A Kaspersky Lab identificou um novo cavalo de Troia de acesso remoto (RAT), chamado SambaSpy, que se destaca pela seletividade de suas vítimas.
Sobre o SambaSpy
O SambaSpy é um RAT sofisticado, projetado com uma proteção adicional usando o Zelix KlassMaster, o que torna sua detecção e análise muito mais complexas. Este malware é capaz de:
- Gerenciar arquivos e processos do sistema;
- Baixar e enviar arquivos;
- Controlar a webcam;
- Realizar capturas de tela;
- Roubar senhas;
- Carregar plug-ins adicionais;
- Operar a área de trabalho remotamente;
- Gravar as teclas pressionadas;
- Controlar a área de transferência.
Essas capacidades tornam o SambaSpy extremamente perigoso, com potencial para atuar como uma ferramenta de espionagem completa.
Campanha de Ataque
A campanha de ataque detectada teve como alvo, de forma exclusiva, usuários na Itália. Embora seja incomum essa escolha específica, a hipótese mais plausível é que os agentes maliciosos estejam testando suas operações com um grupo limitado de vítimas antes de expandir para outros países.
Como o SambaSpy é Distribuído
Assim como outros RATs, o SambaSpy é propagado por e-mails de phishing. Nesta campanha, os e-mails simulavam comunicações de uma agência imobiliária e continham um link para supostas faturas. Esses e-mails, embora escritos em italiano, eram enviados de domínios alemães, o que pode levantar suspeitas.
Ao clicar no link, o usuário é direcionado a um site que verifica o idioma do sistema e o navegador. Caso o dispositivo esteja configurado para o idioma italiano e o navegador seja Edge, Firefox ou Chrome, o sistema será infectado por um arquivo PDF malicioso, responsável por instalar o dropper ou o downloader do SambaSpy. O dropper faz a instalação do malware imediatamente, enquanto o downloader obtém os componentes adicionais dos servidores dos atacantes.
Para evitar detecção, o SambaSpy verifica se o sistema está sendo executado em uma máquina virtual e se o idioma é italiano. Caso os critérios não sejam atendidos, o usuário é redirecionado ao site legítimo FattureInCloud.

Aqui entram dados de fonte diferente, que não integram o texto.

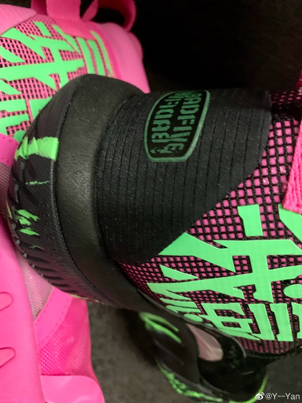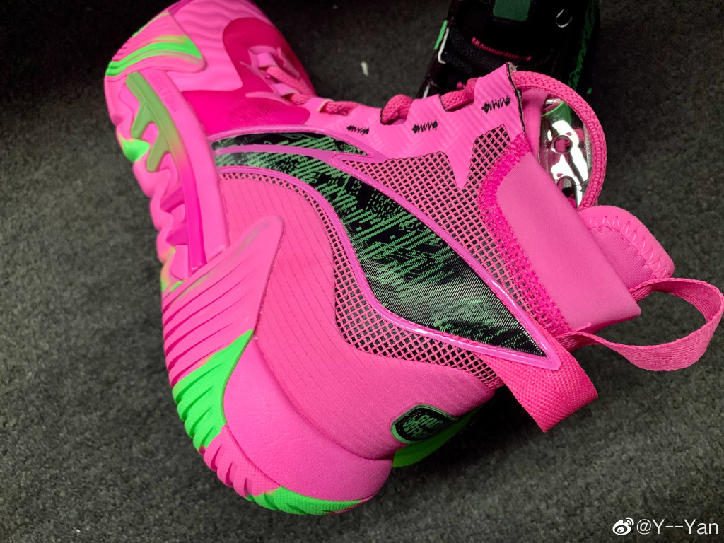 两款配色分别以黑色和亮粉为主色调,配以荧光绿点缀,这配色真的很赛博了。
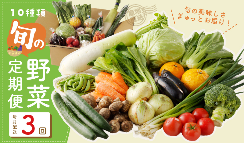 チョイスPayポイントと交換できる品 10種類の新鮮野菜 定期便 全3回 詰め合わせ 国産 冷蔵発送 毎月配送コース【国産 野菜 やさい 詰め合わせ セット 年間 1年 12か月 新鮮 旬 冷蔵発送 ええもん ていきびん】

Possíveis Autores e Expansão Geográfica
Ainda não foi possível identificar o grupo específico por trás da criação e disseminação do SambaSpy, mas evidências indicam que os invasores falam português brasileiro. Além disso, o grupo já expandiu as operações para outros países, como Espanha e Brasil, usando domínios maliciosos para atingir novos alvos.
Dicas de Proteção contra o SambaSpy
Para evitar infecções, é fundamental adotar práticas de segurança adequadas:
- Instalar uma solução de segurança confiável, como o Kaspersky Premium, que detecta e neutraliza o SambaSpy e outras ameaças;
- Manter atenção redobrada com e-mails de phishing. Antes de clicar em links suspeitos, sempre refletir sobre a possibilidade de fraude.
Essas práticas podem fazer toda a diferença na proteção contra esse sofisticado malware e outras ameaças.